Ese remo, según algunos filólogos, es la prefiguración de la cruz. Un madero sin sentido en la tierra, como la cruz lo fue en el cuerpo de Cristo: un instrumento que pesa más por su símbolo que por su materia. Jesús cargará ese peso siglos después, camino al Gólgota. Ulises y Cristo se cruzan en la alegoría. Uno busca volver a casa; el otro funda un exilio eterno. Ambos peregrinan. Ambos cargan un madero. Ambos son símbolos.
¿Pero acaso no es ese también nuestro destino moderno? Cargar un remo en la tierra, sin mar, sin horizonte. Arrastrar una cruz que ya nadie cree. Nos volvimos inmortales sin quererlo, atados a la repetición de guerras sin sentido, de discursos huecos, de promesas que no mueren porque no nacieron.
Van Krienen, aquel viajero del siglo XVIII que buscó la tumba de Homero siguiendo las pistas de Pausanias, también es parte de esta trama. Dijo haber llegado al lugar donde yacía el poeta. Que, al abrir la tumba, vio por un segundo su cuerpo. Y que luego este se volvió polvo.
No hay metáfora más precisa. Aun los inmortales se deshacen en polvo. Nadie escapa a esa sentencia. Ni Homero, ni Ulises, ni Borges. Quizá solo las palabras, con suerte, nos sobrevivan. Y no por eternas, sino porque alguien las repite. Porque alguien cree ver en ellas una chispa de sentido.
Esas palabras, sin embargo, también se deforman. A veces se tornan tótems, otras veces herramientas. Pocas veces, testimonio. La humanidad que sigue citando a Homero, a Cristo, a Borges, muchas veces lo hace como quien repite una fórmula sin entender el conjuro. En esa repetición hay un peligro: confundir la memoria con la inmortalidad.

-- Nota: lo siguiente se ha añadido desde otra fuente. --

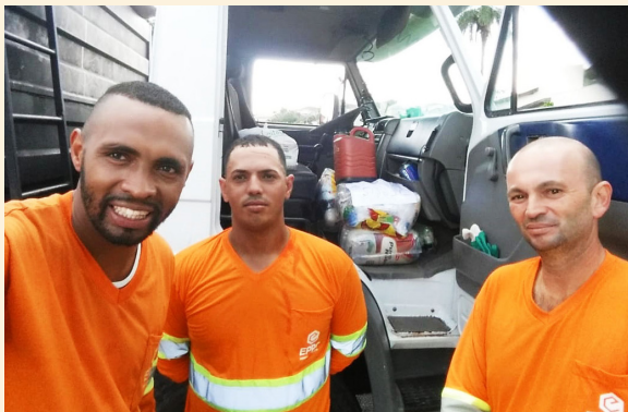
Doação de alimentos da comunidade, para a equipe de coleta de Itu, nos dias de quarentena.

Porque la verdadera inmortalidad —si acaso existe— no es la del cuerpo, ni siquiera la del alma. Es la del símbolo. Y todo símbolo es peligroso. Porque puede ser usado, manipulado, corrompido. Jesús se volvió cruz, la cruz se volvió bandera, la bandera se volvió lanza. Ulises fue rey, luego mito, luego excusa para justificar imperios. Borges, que habló de trogloditas y espejos, terminó convertido en estatua, en nombre de biblioteca, en cita obligada de prólogo académico.

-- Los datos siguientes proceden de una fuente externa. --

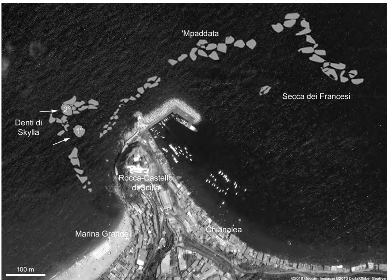
Fig. 2. Ortofoto della Rocca-Castello di Scilla e ubicazione degli scogli sommersi. Sono indicati i due scogli noti come "Denti di Skylla"

Neosimnia illyrica (Fig. 3I), non rara nell'area in studio, è stata di recente riabilitata da Fehse (2007), il quale ha fatto riferimento alle ricerche di Schiaparelli (2005) sulle relazioni filogenetiche negli Ovulidae basate su analisi molecolari. Schiaparelli differenzia Neosymnia spelta (Fig. 3H) in due ecofenotipi "morph a" e "morph b", sia su base genetica, sia sulla base di caratteri anatomici e conchigliari, oltre che sulla base della gorgonia ospitante. Fehse in Lorenz & Fehse (2009) attribuisce il "morph b" a Neosimnia illyrica Schilder, 1927. Neosimnia spelta è più frequentemente associata a gorgonacei del genere Eunicella , mentre N. illyrica è associata a Leptogorgia sarmentosa . Nell'area è presente anche Simnia nicaeensis ,

Pero el polvo no miente. Todo lo que se erige cae. Todo lo que se recuerda se olvida. Incluso el olvido tiene fecha de vencimiento. Por eso, quizás la única resistencia que nos queda es la palabra. No como legado, sino como acto. Escribir no para ser recordado, sino para no desaparecer del todo mientras aún estamos aquí.

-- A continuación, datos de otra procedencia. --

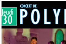
Concert polyphonique A Pasqualina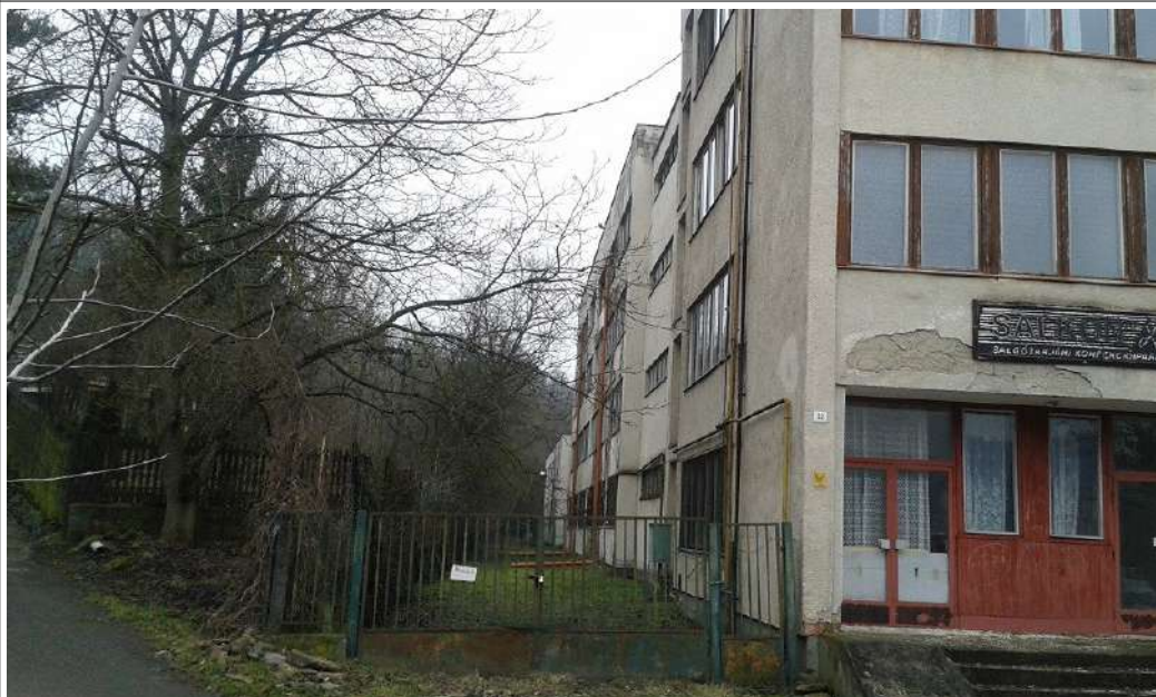
Fotó 2018. 01. északi oldal felől

Los trogloditas de Borges callaban. Nosotros hablamos. A veces gritamos. Pero ¿cuánto de lo que decimos es realmente nuestro? ¿Y cuánto es ruido, herencia, eco vacío? ¿No nos habremos convertido, sin notarlo, en nuevos trogloditas, cubiertos de pantallas en lugar de cavernas, sin lenguaje propio pero convencidos de hablar todo el tiempo?
Quizás los inmortales no son ellos. Somos nosotros. No en la gloria, sino en la condena de seguir andando sin saber a dónde. No tenemos tiempo, tenemos agenda. No tenemos mito, tenemos algoritmo. No tenemos tumba, tenemos nube.
Y, sin embargo, escribimos. Como Van Krienen removiendo mármoles. Como Ulises cargando el remo. Como Borges dibujando espejos. Como si, al nombrar lo innombrable, al ponerle palabra al abismo, todavía pudiéramos desafiar al polvo. Lo hacemos entre líneas, en el único refugio que aún nos pertenece: la conciencia que escribe mientras duda.
“No era la gloria lo que buscábamos.
Era apenas una grieta en el polvo para seguir diciendo: yo fui.”
Nota final
Jorge Luis Borges murió el 14 de junio de 1986, en Ginebra. Como Ulises, eligió su exilio. Como Homero, fundó una patria de palabras. Como nadie, supo que el tiempo no perdona, pero la literatura —a veces— disimula la herida. Este texto no busca rendirle homenaje, sino simplemente acompañarlo, en la forma que él prefería: una lectura en voz baja, entre las ruinas del tiempo.